METHODS: A prospective study was carried out in 15 women, all of them having late stage striae distensae of the abdomen. Five sessions of IPL were performed in each one, once every two weeks. Skin biopsies and before and after photographs were taken of all the patients. Data concerning skin features (number of stretch marks in a square of 5 cm per side, sum of all the stretch marks to determine the total length, discolorations and general appearance) were all assessed before each session and at the end of the study. Microscopical changes were all carefully assessed. For the statistical analysis a “t” test for small samples was used.

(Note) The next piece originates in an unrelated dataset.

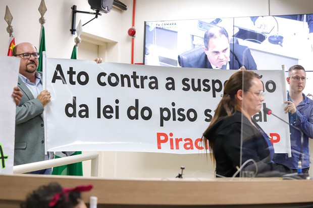 “Vim aqui representando tanto os técnicos quanto as auxiliares”, disse a enfermeira Estela Rossi. “Gostaria de lembrar que a nossa categoria teve o maior número de óbitos durante a pandemia e que a busca pelo piso é uma briga de há mais de 20 anos no Congresso”, disse. A Mesa Diretora autorizou a suspensão extraordinária da reunião para que ela pudesse expressar o apoio à moção durante os trabalhos legislativos da Câmara de Piracicaba.

RESULTS: All patients showed clinical and microscopical improvement in each one of the parameters assessed. The “t” test for small samples showed a statistically significative difference (p < 0.01) in the post treatment dermal thickness.
CONCLUSION: Striae distensae improved clinically and microscopically after IPL. It seems to be a promising method of treatment for this common problem with minimal side-effects, a wide safety margin and no downtime.